WORK ORDER: Your answer must be an exact transcription of the data, with every picture omitted.

Data extracted from a collection:
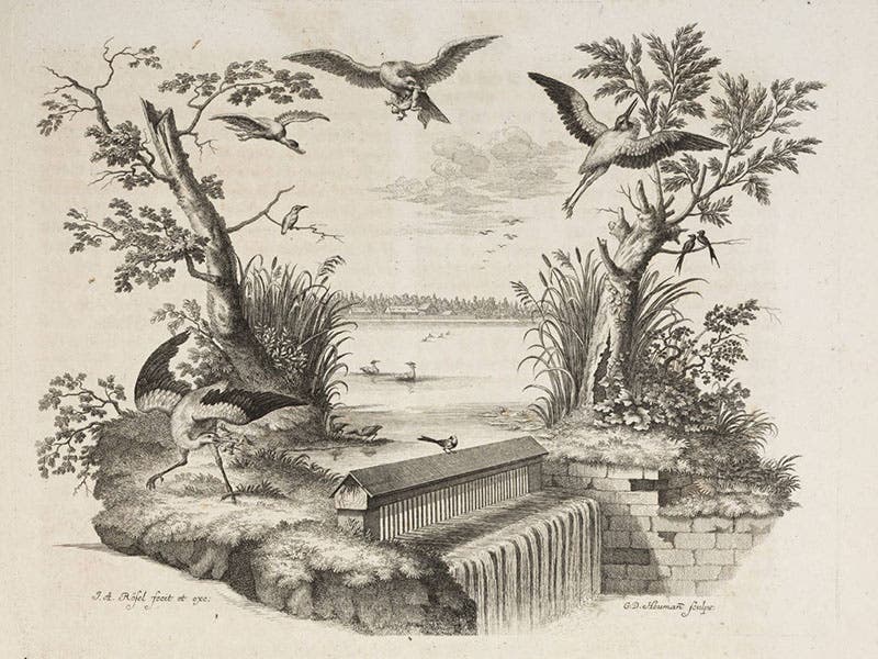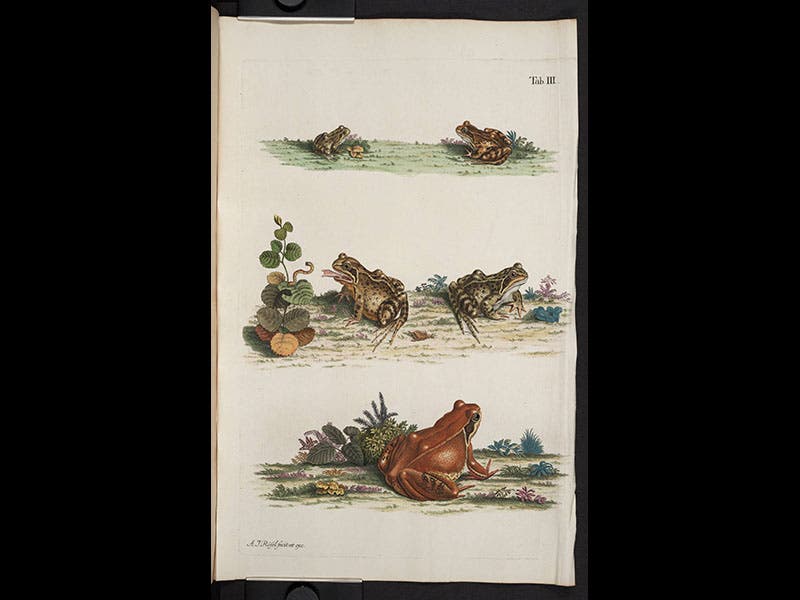 August Johann Rösel von Rosenhof, a German artist and naturalist, was born Mar. 30, 1705. Rösel was trained as a miniature painter, and apparently was quite a good one. While recuperating from an illness, he was introduced to a book by Maria Merian, Metamorphosis insectorum Surinamensium (1705), which contained beautiful colored engravings of insects. Rösel immediately turned his attention to drawing butterflies and caterpillars. After publishing a book on insects, he then moved on to amphibians, and in 1758 there appeared the most sumptuous book ever published on frogs, the Historia naturalis ranarum. It has twenty-four large plates, in pairs; one of each pair shows objects in outline, the other presents them in gorgeous color. Many of these are anatomical plates, but several show frogs in their natural habitats (see second image above, and a detail in the third image). If you thought frogs could never be beautiful, this book will disabuse you of that notion. The frontispiece is especially grand (first image above), and even the headpieces to the book’s major sections (fourth and fifth images above) were especially engraved for this book and show various bucolic frog-related scenes—bucolic for the observer, that is, since the frogs are being skewered or speared right and left. The final headpiece at least allows them to procreate their kind in peace (last image above).
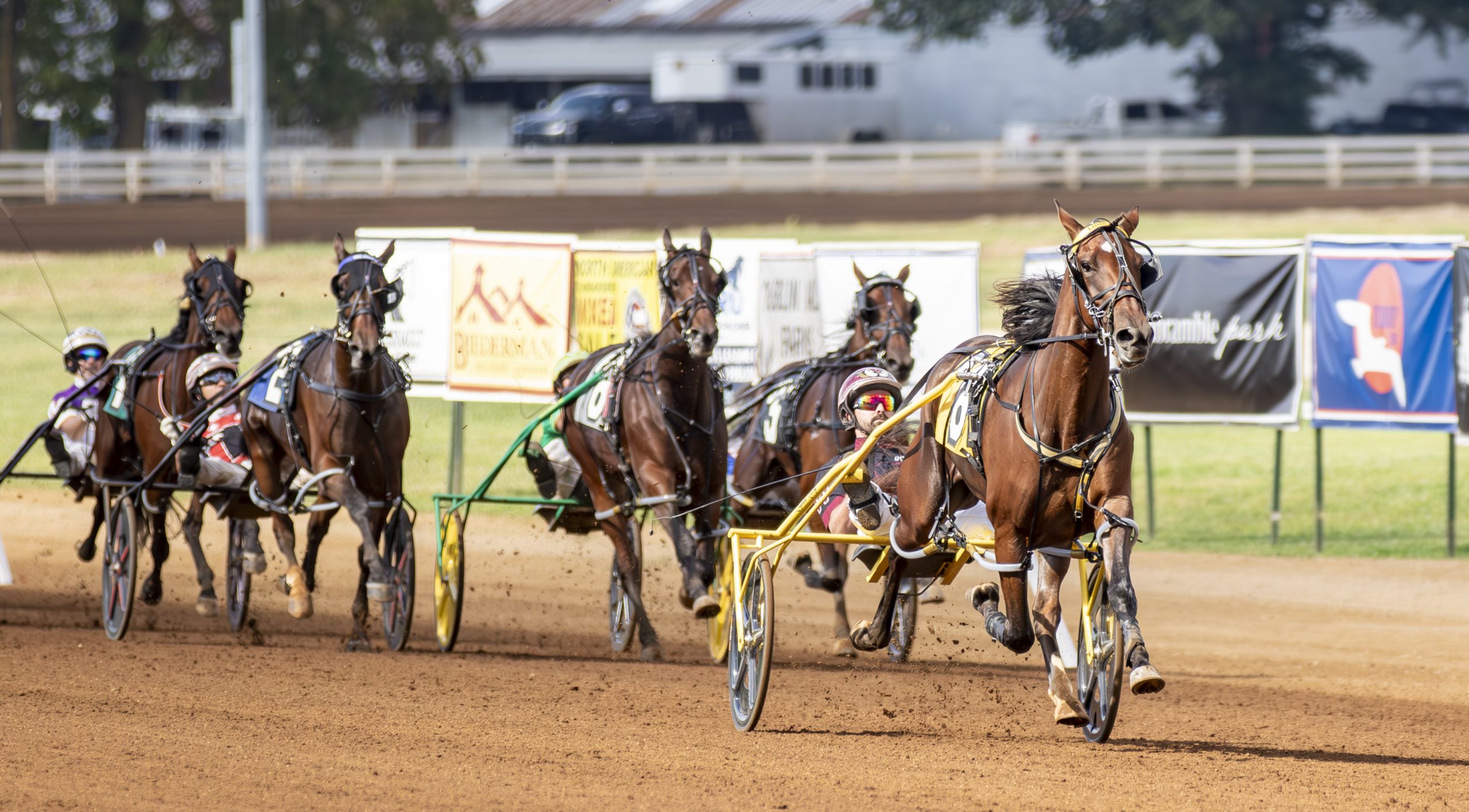 Andrew Harris pupil Topville Lucky (Dexter Dunn) wrapped the stakes action for freshman pacing fillies when notching her fifth win in a row while taking her division of the Tall Dark Stranger with a 1:49.1 effort.
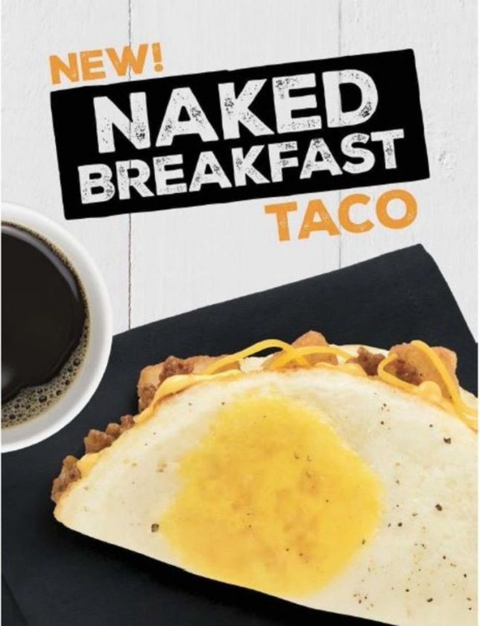 Introducing the naked breakfast taco: a complete breakfast with potato bites, sausage or bacon, nacho cheese, and shredded cheddar surrounded by a shell constructed with a fried egg, yolk and all. If you don’t like the idea of the egg shell, you can order the naked taco “dressed,” and it will come with a traditional taco shell.
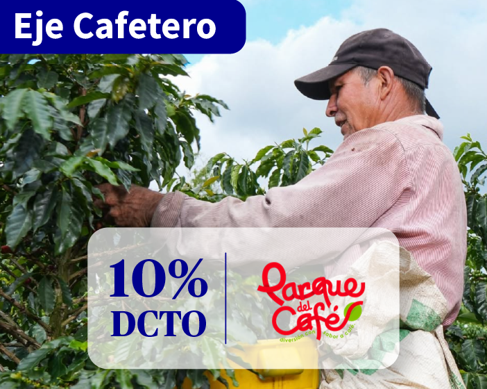 Vive la magia del parque del café. Aprovecha 10 % de DCTO en el Parque del Café y vive un día inolvidable entre atracciones, naturaleza y café colombiano.
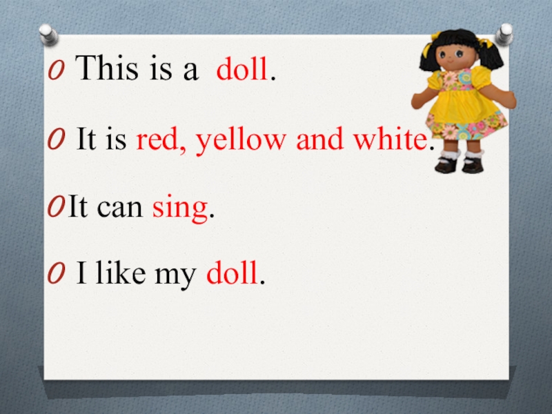 This is a doll. It is red, yellow and white.It can sing. I like my doll.
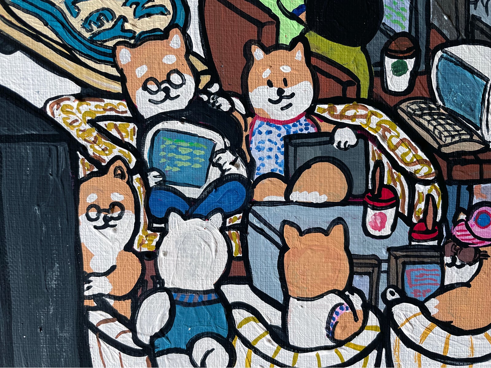 SOLD OUT シリコンバレーの伝説的な企業のいくつかは、ガレージで始まったことで有名だ。ここは画期的なアイデアを持つ柴犬達が集うガレージ。この家は1階建ての平屋で真ん中に玄関があり向かって左側にガレージがある。テクノロジーやアートといった言葉に縛られないオルタナティブな物語がこのガレージと柴犬から始まる。F6号(410mm×318mm)・アクリル画です。写真とは異なりますが仮額付きで郵送します。
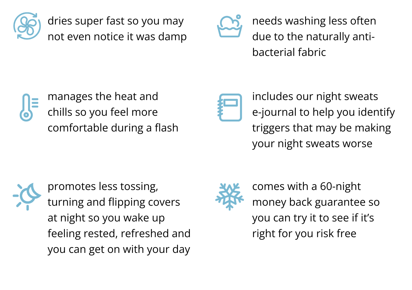 "I love this, even more than I thought I would, the style is lovely, beautiful soft fabric and it really makes a huge difference with night sweats." – Sally
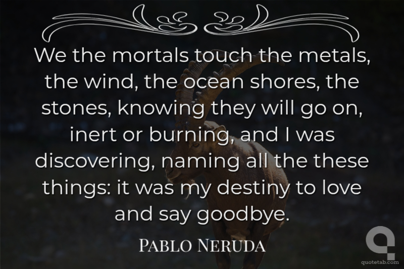 We the mortals touch the metals, the wind, the ocean shores, the stones, knowing they will go on, inert or burning, and I was discovering, naming all the these things: it was my destiny to love and say goodbye.
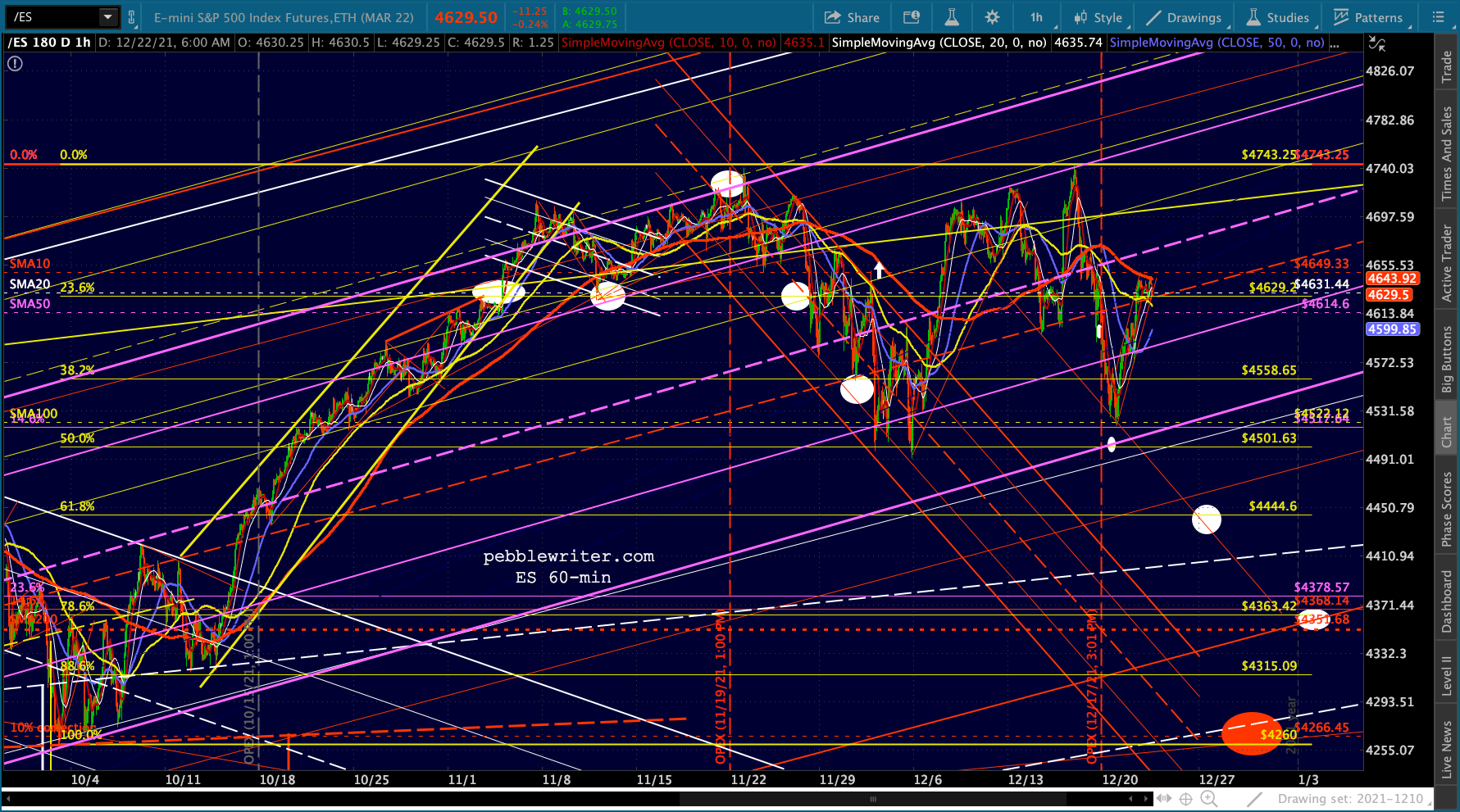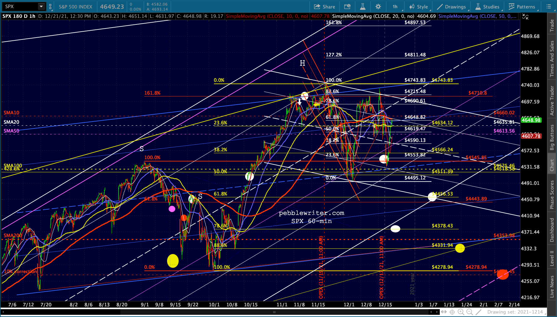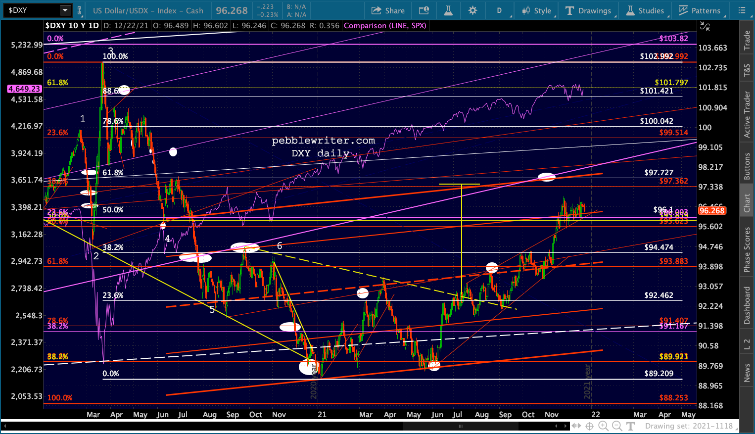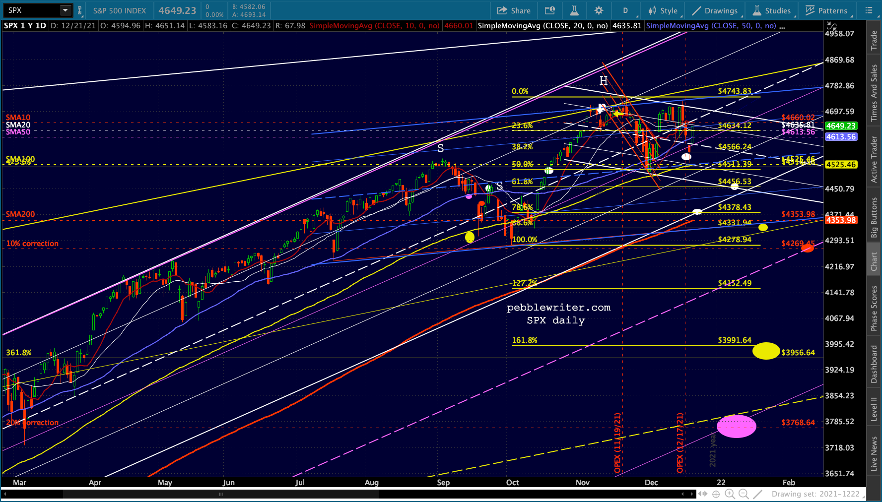 SPX’s rising white channel would allow a .786 and SMA200 backtest as long as it happened very quickly, as in the next session or two. Otherwise, the channel bottom would have to be breached or the downturn would have to be more limited – say, the .618 in mid-January.
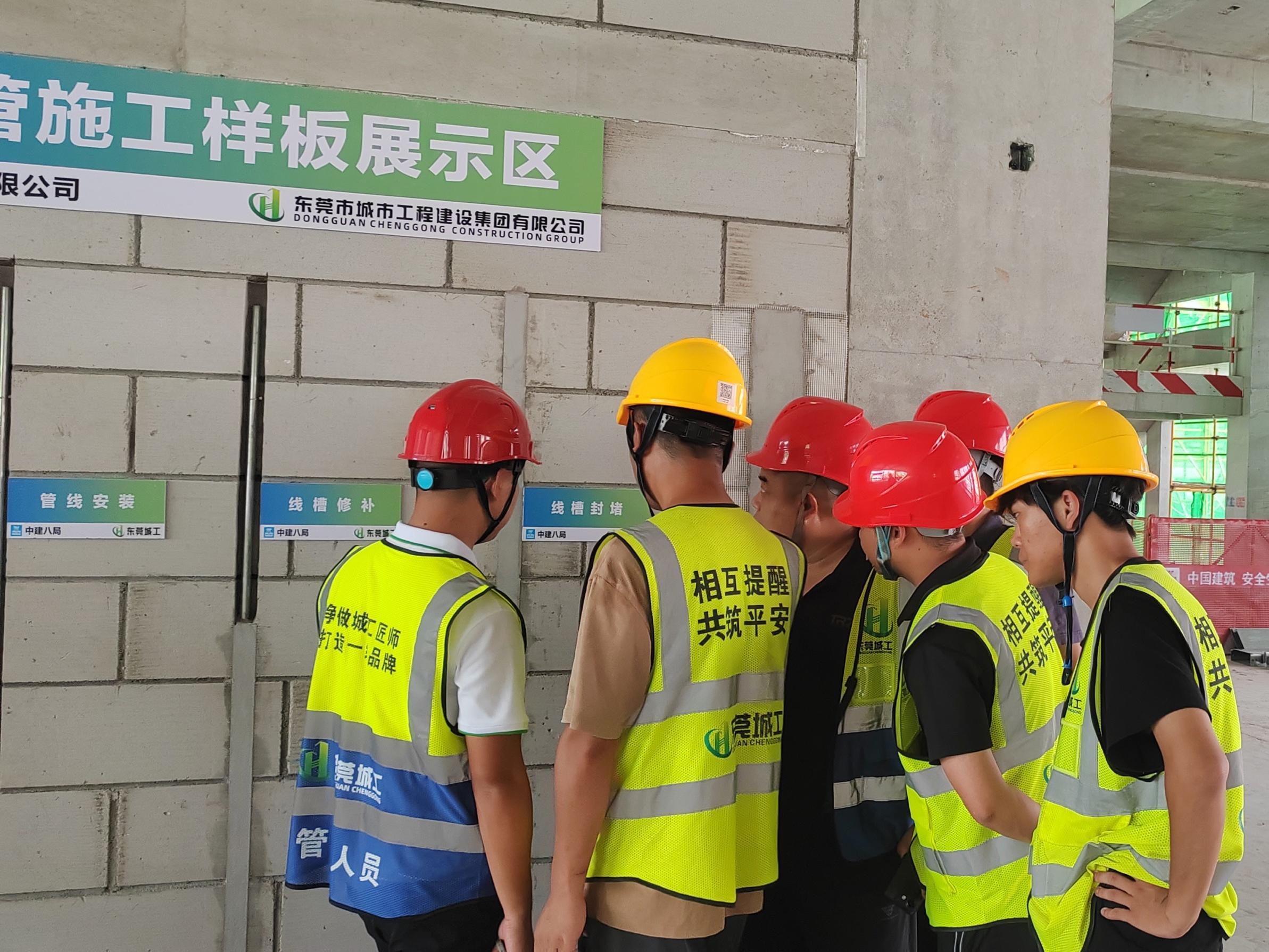 这种“流水线”式管理不仅体现在时间维度上,更贯穿于质量管理。为了让施工标准具象化、可参考,项目团队集中打造实体样板区,系统展示关键工序,明确工艺、材料选用及质量验收标准,发挥技术交底、操作培训、质量对比的“实物教科书”作用。
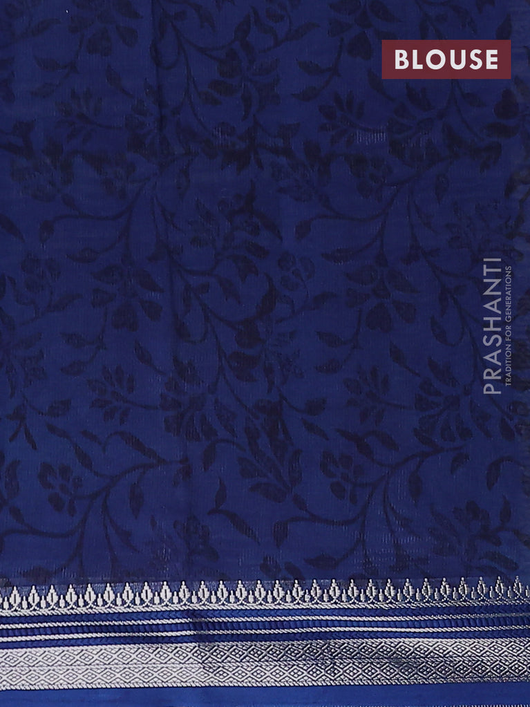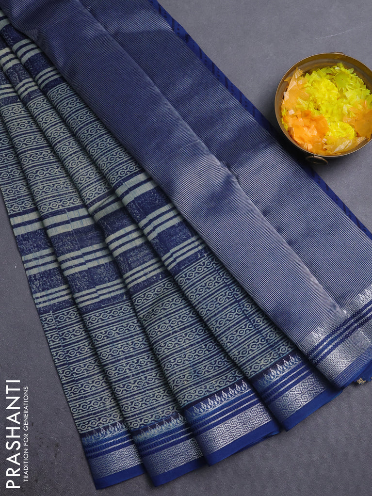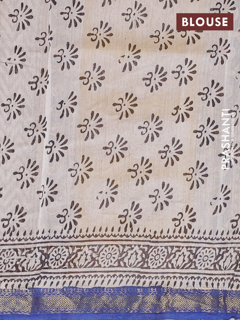 Chanderi silk cotton saree beige and blue with allover prints and silver zari woven border
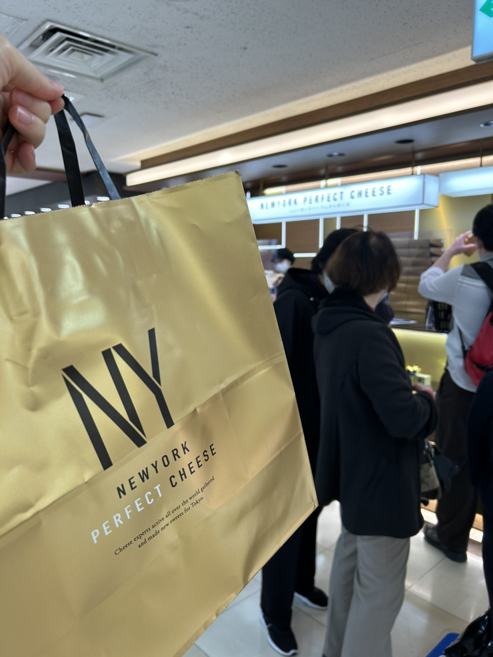 평소 어디든 줄 서서 기다리는 걸 좋아하지 않지만, 나는 지금 여행 중이고 오늘은 시간적 여유도 많고, 무엇보다 배낭을 메고 있어서 짐을 넉넉히 실을 수도 있었다. 사람들 뒤에 따라 줄을 서서 40분을 넘게 기다렸다. 요즘 일본 사람들한테 아주 인기 있는 과자라고 해서, 회사 사람들이랑 친구들 선물 줄 것을 생각해서 몇 상자 골랐다. 내 앞에 사람은 큰 걸로 5박스 넘게 사 가더라. 기다린 게 억울해서라도 많이 사가는 듯. 현지인뿐 아니라 한국인, 중국인 손님도 있었다. 몇 년 전에는 ‘갸또 러스크’라는 과자가 백화점 식품관 매장 중 정말 인기가 많았는데. 같은 층에 갸토 러스크 매장도 있었는데, 이 매장에 비하니 거기는 한산한 지경이었다. '뉴욕' 시리즈의 과자가 요즘 가장 인기가 많나 보다. 점심시간만 지나도 재고가 없는 경우가 있다고 한다.

ANSWER TO THIS TASK:
 August Johann Rösel von Rosenhof, a German artist and naturalist, was born Mar. 30, 1705. Rösel was trained as a miniature painter, and apparently was quite a good one. While recuperating from an illness, he was introduced to a book by Maria Merian, Metamorphosis insectorum Surinamensium (1705), which contained beautiful colored engravings of insects. Rösel immediately turned his attention to drawing butterflies and caterpillars. After publishing a book on insects, he then moved on to amphibians, and in 1758 there appeared the most sumptuous book ever published on frogs, the Historia naturalis ranarum. It has twenty-four large plates, in pairs; one of each pair shows objects in outline, the other presents them in gorgeous color. Many of these are anatomical plates, but several show frogs in their natural habitats (see second image above, and a detail in the third image). If you thought frogs could never be beautiful, this book will disabuse you of that notion. The frontispiece is especially grand (first image above), and even the headpieces to the book’s major sections (fourth and fifth images above) were especially engraved for this book and show various bucolic frog-related scenes—bucolic for the observer, that is, since the frogs are being skewered or speared right and left. The final headpiece at least allows them to procreate their kind in peace (last image above).
 Andrew Harris pupil Topville Lucky (Dexter Dunn) wrapped the stakes action for freshman pacing fillies when notching her fifth win in a row while taking her division of the Tall Dark Stranger with a 1:49.1 effort.
 Introducing the naked breakfast taco: a complete breakfast with potato bites, sausage or bacon, nacho cheese, and shredded cheddar surrounded by a shell constructed with a fried egg, yolk and all. If you don’t like the idea of the egg shell, you can order the naked taco “dressed,” and it will come with a traditional taco shell.
 Vive la magia del parque del café. Aprovecha 10 % de DCTO en el Parque del Café y vive un día inolvidable entre atracciones, naturaleza y café colombiano.
 This is a doll. It is red, yellow and white.It can sing. I like my doll.
 SOLD OUT シリコンバレーの伝説的な企業のいくつかは、ガレージで始まったことで有名だ。ここは画期的なアイデアを持つ柴犬達が集うガレージ。この家は1階建ての平屋で真ん中に玄関があり向かって左側にガレージがある。テクノロジーやアートといった言葉に縛られないオルタナティブな物語がこのガレージと柴犬から始まる。F6号(410mm×318mm)・アクリル画です。写真とは異なりますが仮額付きで郵送します。
 "I love this, even more than I thought I would, the style is lovely, beautiful soft fabric and it really makes a huge difference with night sweats." – Sally
 We the mortals touch the metals, the wind, the ocean shores, the stones, knowing they will go on, inert or burning, and I was discovering, naming all the these things: it was my destiny to love and say goodbye.
 SPX’s rising white channel would allow a .786 and SMA200 backtest as long as it happened very quickly, as in the next session or two. Otherwise, the channel bottom would have to be breached or the downturn would have to be more limited – say, the .618 in mid-January.
 这种“流水线”式管理不仅体现在时间维度上,更贯穿于质量管理。为了让施工标准具象化、可参考,项目团队集中打造实体样板区,系统展示关键工序,明确工艺、材料选用及质量验收标准,发挥技术交底、操作培训、质量对比的“实物教科书”作用。
 Chanderi silk cotton saree beige and blue with allover prints and silver zari woven border
 평소 어디든 줄 서서 기다리는 걸 좋아하지 않지만, 나는 지금 여행 중이고 오늘은 시간적 여유도 많고, 무엇보다 배낭을 메고 있어서 짐을 넉넉히 실을 수도 있었다. 사람들 뒤에 따라 줄을 서서 40분을 넘게 기다렸다. 요즘 일본 사람들한테 아주 인기 있는 과자라고 해서, 회사 사람들이랑 친구들 선물 줄 것을 생각해서 몇 상자 골랐다. 내 앞에 사람은 큰 걸로 5박스 넘게 사 가더라. 기다린 게 억울해서라도 많이 사가는 듯. 현지인뿐 아니라 한국인, 중국인 손님도 있었다. 몇 년 전에는 ‘갸또 러스크’라는 과자가 백화점 식품관 매장 중 정말 인기가 많았는데. 같은 층에 갸토 러스크 매장도 있었는데, 이 매장에 비하니 거기는 한산한 지경이었다. '뉴욕' 시리즈의 과자가 요즘 가장 인기가 많나 보다. 점심시간만 지나도 재고가 없는 경우가 있다고 한다.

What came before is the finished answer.